The hot water supply system of a residential building with a steam boiler and a horizontal water heater functions as follows. From the steam collector, steam flows through a steam line into the coil of a horizontal capacitive water heater, where it condenses, heating the water in the water heater. The condensate from the coil flows back into the boiler through the condensation pipe. The water in the water heater is under pressure from the city water supply and is heated to 70 °C. Through the supply pipeline it enters the upper filling, from where it is supplied through hot water supply risers through hot water supply lines to sanitary fixtures. Part of the water is returned through the return pipeline to the water heater through the lower fitting, which prevents the water in the supply line from cooling. As hot water is dispensed, cold water from the water line enters the water heater. A safety device is installed on the water heater lever valve with a drain pipe and a thermometer, and on the boiler - a safety discharge device, a pressure gauge, a thermometer and a water meter glass.

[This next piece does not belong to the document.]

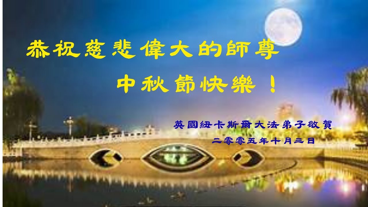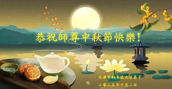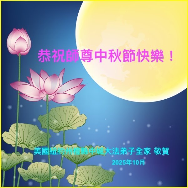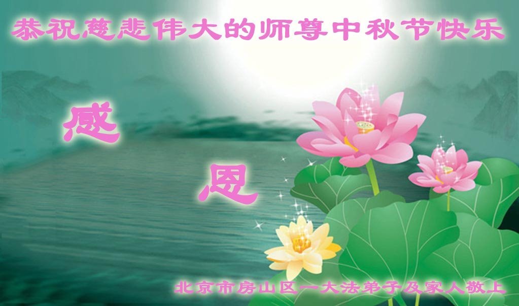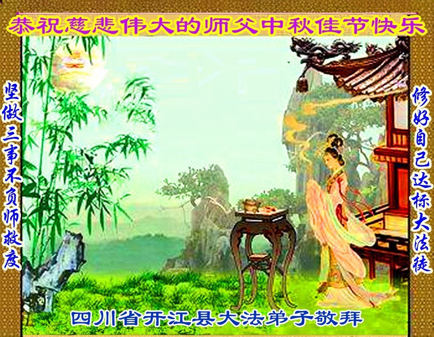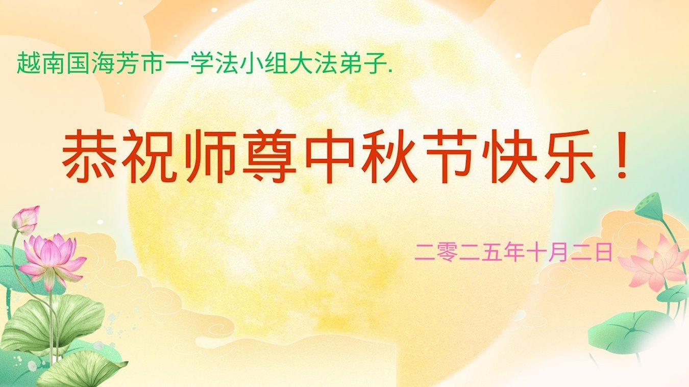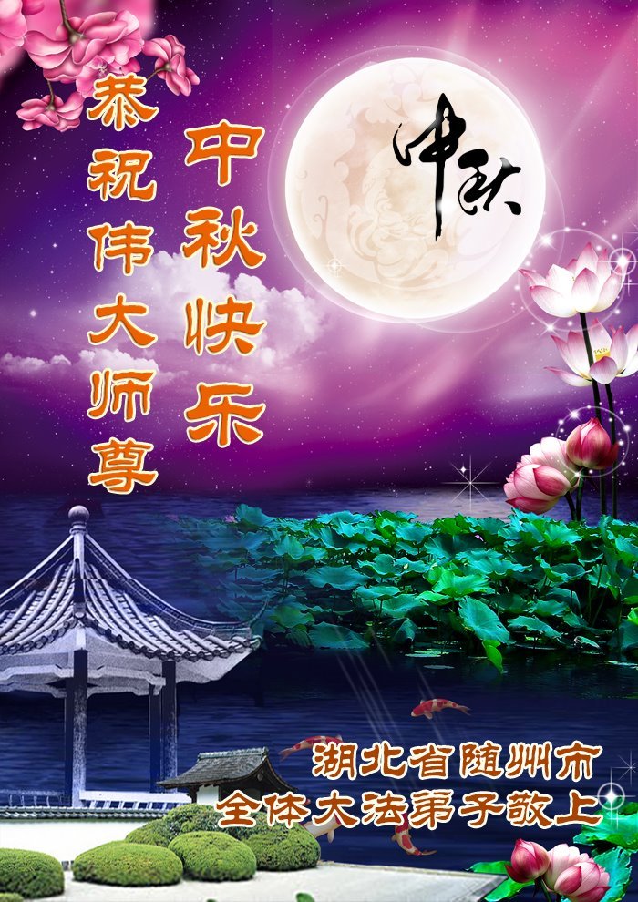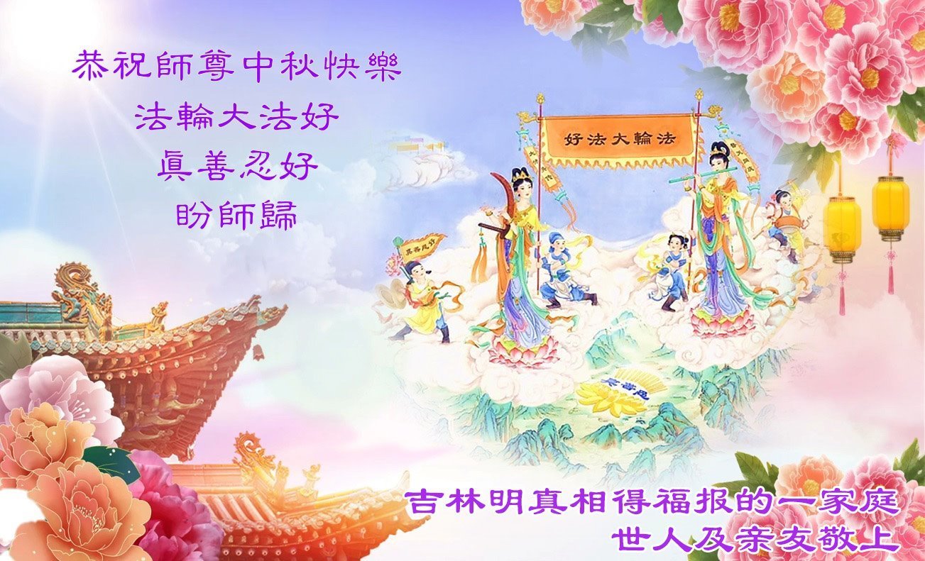 恭祝慈悲伟大的师父中秋节快乐!祝愿全体大法弟子在修炼中坚守誓言,助师救度众生,随师父一起回归真正的家园。(译文)

Domestic industry produces steam-water high-speed water heaters MVN-1436 and MVN-1437 and water-water sectional MVN-2052-62, designed for heating water in heating and hot water supply systems.

Water heaters MVN-1436 and MVN-1437 consist of a body, a pipe system, front and rear water chambers and a cap. The body, chambers and cap are made of steel. The pipe system consists of steel support grids and a bundle of brass tubes with a diameter of 16x1 mm or 16x0.75 mm. Heaters are manufactured short - 2040 mm and long - 4080 mm. Water heaters with a diameter of 273 and 325 mm are two-pass, with a diameter of 377 mm and more - four-pass

Water heaters work as follows. Heated water enters through the lower pipe of the front inlet chamber, passes through brass tubes, is heated and through the upper pipe enters the network at the required temperature. The steam that heats the water is supplied to the interpipe space.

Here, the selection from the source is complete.